Model is being trained in mixed precission.
I added this hook
def nan_hook(self, inp, output):
if not isinstance(output, tuple):
outputs = [output]
else:
outputs = output
for i, out in enumerate(outputs):
nan_mask = torch.isnan(out)
if nan_mask.any():
print("Hook: Nan occured In", self.__class__.__name__)

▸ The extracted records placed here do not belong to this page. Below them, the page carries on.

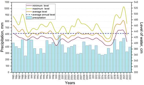 Long-term fluctuations in water levels in Lake Kotokel in 1985–2022 (hydrological station in Istok, zero mark: 453.96 m, Baltic height system) and precipitation levels (meteorological station in Goryachinsk).
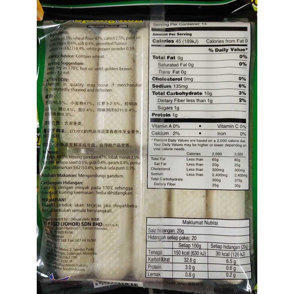 [SHCF] Figo Premium Vegetable Spring Roll 20pc. 400g Frozen Popiah Sayuran Kecil Molek
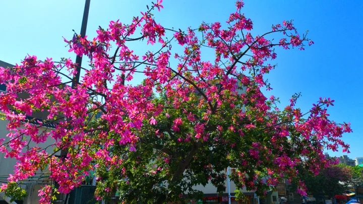 10月19日,惠城區(qū)橋東市場(chǎng)街道旁種植的美麗異木棉進(jìn)入盛花期,粉色花朵成老城區(qū)一景。美麗異木棉亭亭玉立,粉色花朵綴滿綠色的枝頭,一朵朵繽紛絢爛,酷似紫荊,煞是好看。美麗異木棉的花期跨度很長(zhǎng),每年10月至12月是它開得最熱鬧的時(shí)候,眼下正是盛花期。
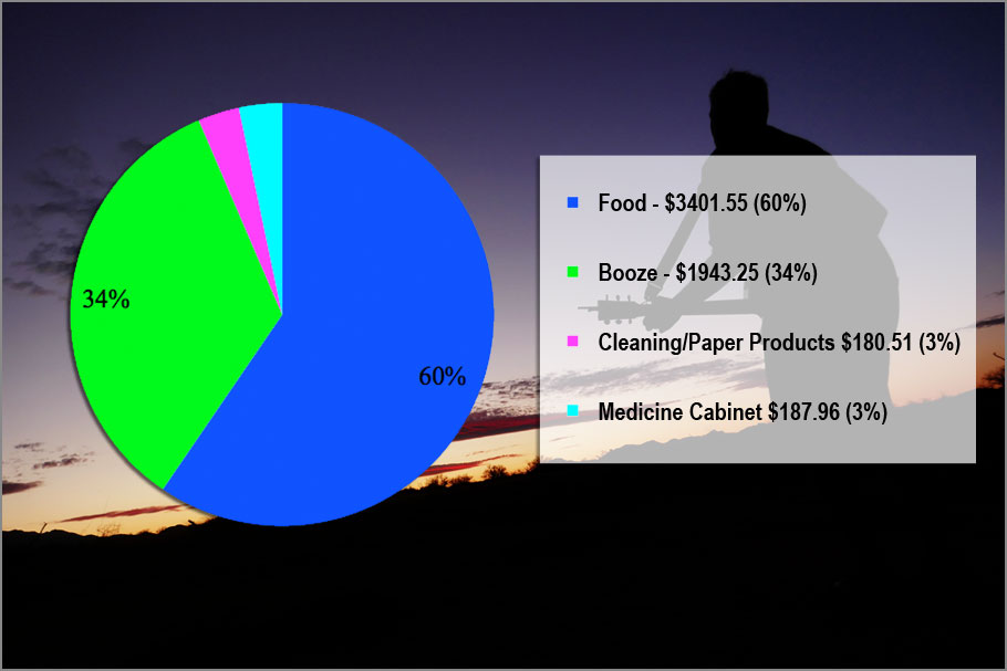 Here Food clearly dominates. We averaged $283.46 a month on food. Not too bad for two people.
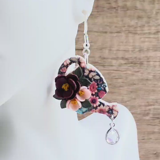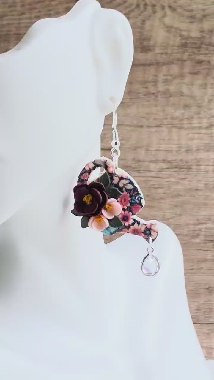 The Midnight Bloom Watering Can Earrings blend dark romance with whimsical charm. Shaped like vintage-style watering cans, each earring features a floral transfer pattern and is topped with deep burgundy and blush sculpted blooms, complete with lifelike leaves and golden centers. A single crystal raindrop dangles from the spout, adding just the right touch of sparkle.

for submodule in self.model.modules():
submodule.register_forward_hook(nan_hook)
Output
70_driver_log_9.txt-SystemLog: 2020-02-22 17:13:45,253:DEBUG : transformers_pretraining.trainer.apexDDP : 159 : ***** Training step 172 *****
70_driver_log_9.txt-SystemLog: 2020-02-22 17:13:45,253:DEBUG : transformers_pretraining.utils : 47 : Inside <function Singleprocess._forward at 0x7f773402fb70>
70_driver_log_9.txt:Hook: Nan occured In Dropout
70_driver_log_9.txt:Hook: Nan occured In BertSelfAttention
70_driver_log_9.txt:Hook: Nan occured In Linear
70_driver_log_9.txt:Hook: Nan occured In Dropout
70_driver_log_9.txt:Hook: Nan occured In LayerNorm
70_driver_log_9.txt:Hook: Nan occured In BertSelfOutput
70_driver_log_9.txt:Hook: Nan occured In BertAttention
Model architecture:
BertLayer(
(attention): BertAttention(
(self): BertSelfAttention(
(query): Linear(in_features=1024, out_features=1024, bias=True)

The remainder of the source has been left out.